• What the task asks: Copy nothing past the line containing "72742920 alte Postkarte". Transcribe every line of the listing below up to and including it, from the first, except pictures.

^^^^

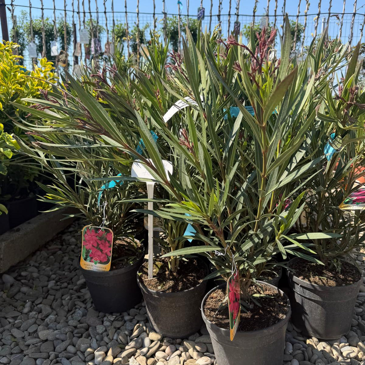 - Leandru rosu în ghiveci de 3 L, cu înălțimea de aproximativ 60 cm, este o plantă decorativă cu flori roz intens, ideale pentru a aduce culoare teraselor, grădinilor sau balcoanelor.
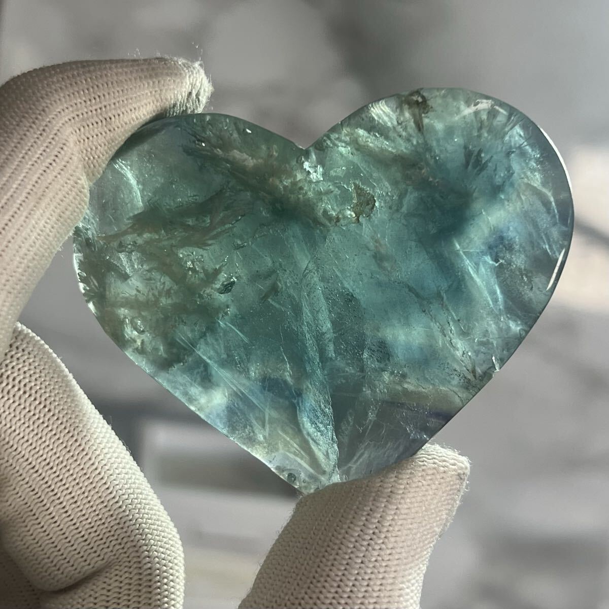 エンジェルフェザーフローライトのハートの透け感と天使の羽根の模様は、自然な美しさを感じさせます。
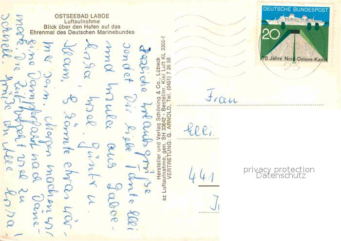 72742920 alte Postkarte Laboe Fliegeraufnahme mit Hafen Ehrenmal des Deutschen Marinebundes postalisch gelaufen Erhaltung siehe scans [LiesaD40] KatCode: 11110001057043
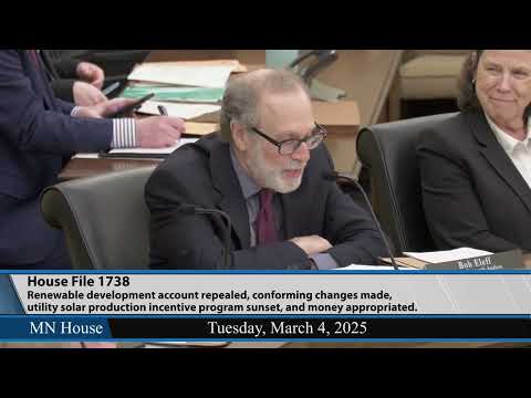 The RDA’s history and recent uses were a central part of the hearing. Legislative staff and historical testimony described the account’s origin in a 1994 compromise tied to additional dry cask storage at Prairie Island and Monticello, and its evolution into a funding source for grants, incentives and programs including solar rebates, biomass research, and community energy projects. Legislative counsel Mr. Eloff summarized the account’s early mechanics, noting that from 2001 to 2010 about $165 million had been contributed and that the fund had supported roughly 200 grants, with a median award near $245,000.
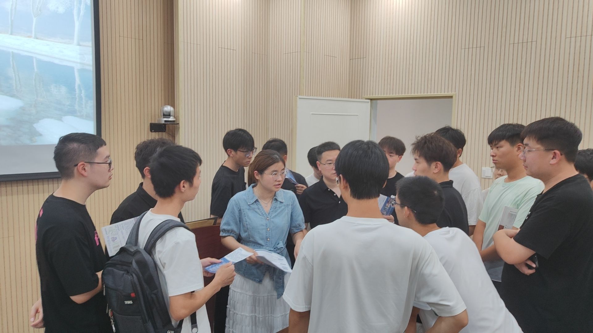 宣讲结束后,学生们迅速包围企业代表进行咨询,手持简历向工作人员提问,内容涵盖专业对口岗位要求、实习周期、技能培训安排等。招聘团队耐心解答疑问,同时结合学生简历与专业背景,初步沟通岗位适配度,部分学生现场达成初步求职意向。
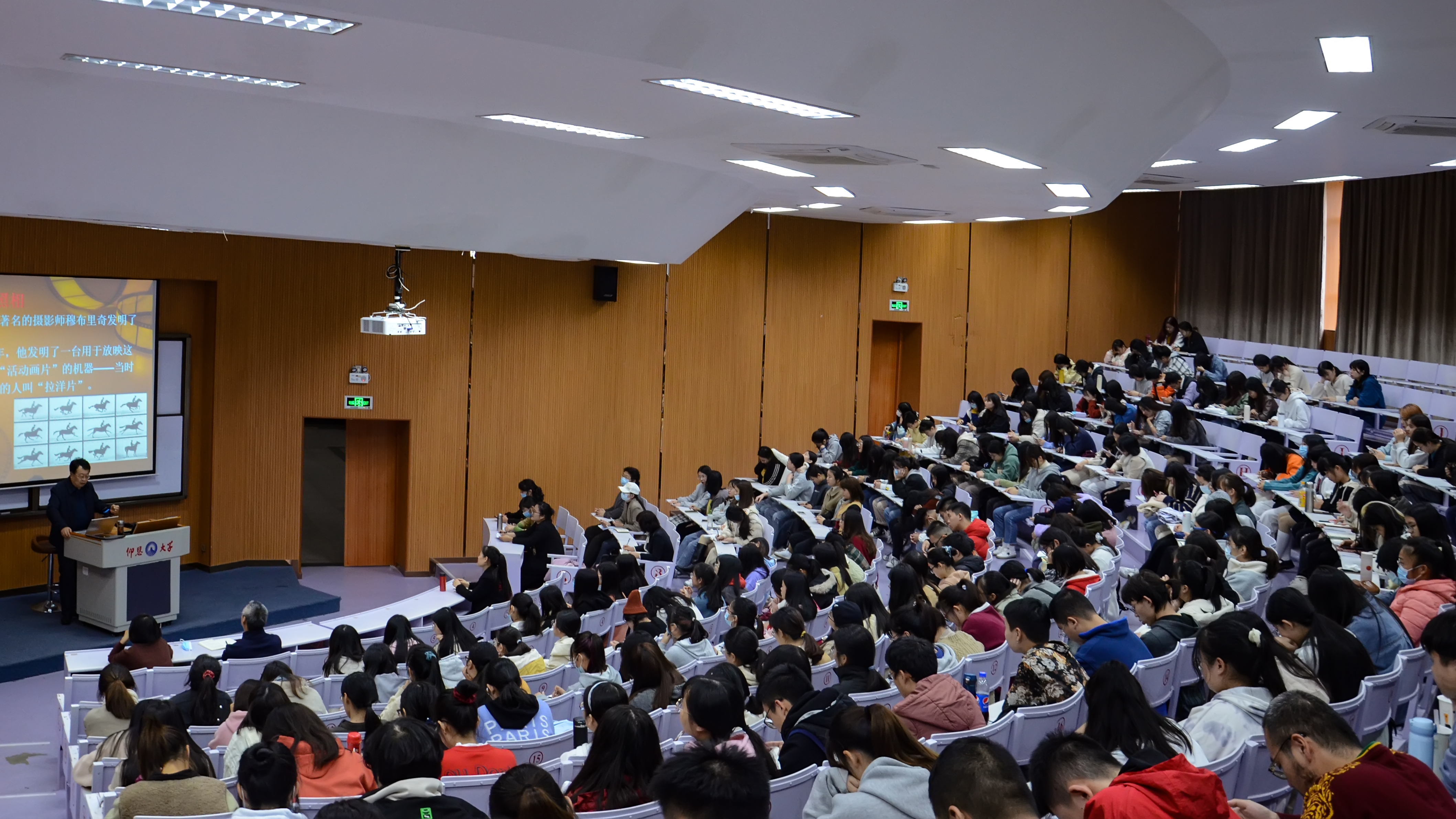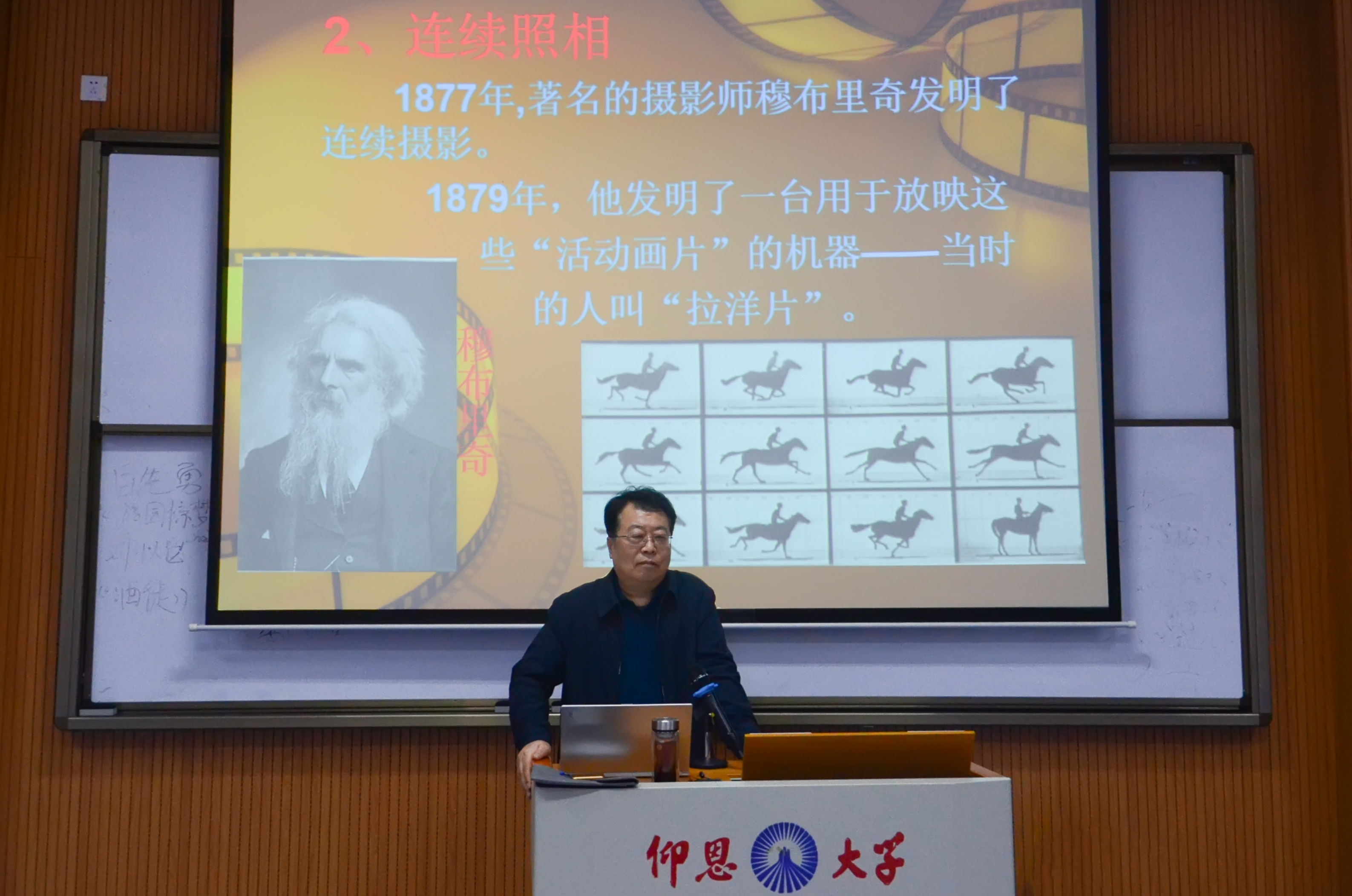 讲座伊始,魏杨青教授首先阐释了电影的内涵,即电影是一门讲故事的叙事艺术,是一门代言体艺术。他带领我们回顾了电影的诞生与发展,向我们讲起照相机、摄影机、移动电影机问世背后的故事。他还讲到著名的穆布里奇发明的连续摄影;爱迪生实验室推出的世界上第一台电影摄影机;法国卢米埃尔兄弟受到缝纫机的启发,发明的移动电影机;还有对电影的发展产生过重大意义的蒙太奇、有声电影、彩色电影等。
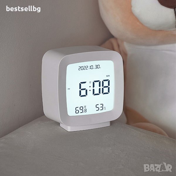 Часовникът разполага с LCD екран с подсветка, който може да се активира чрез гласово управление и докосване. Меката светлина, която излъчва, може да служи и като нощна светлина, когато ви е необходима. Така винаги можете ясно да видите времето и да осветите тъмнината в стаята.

^^^^

• Output for this exercise:
 - Leandru rosu în ghiveci de 3 L, cu înălțimea de aproximativ 60 cm, este o plantă decorativă cu flori roz intens, ideale pentru a aduce culoare teraselor, grădinilor sau balcoanelor.
 エンジェルフェザーフローライトのハートの透け感と天使の羽根の模様は、自然な美しさを感じさせます。
 72742920 alte Postkarte Laboe Fliegeraufnahme mit Hafen Ehrenmal des Deutschen Marinebundes postalisch gelaufen Erhaltung siehe scans [LiesaD40] KatCode: 11110001057043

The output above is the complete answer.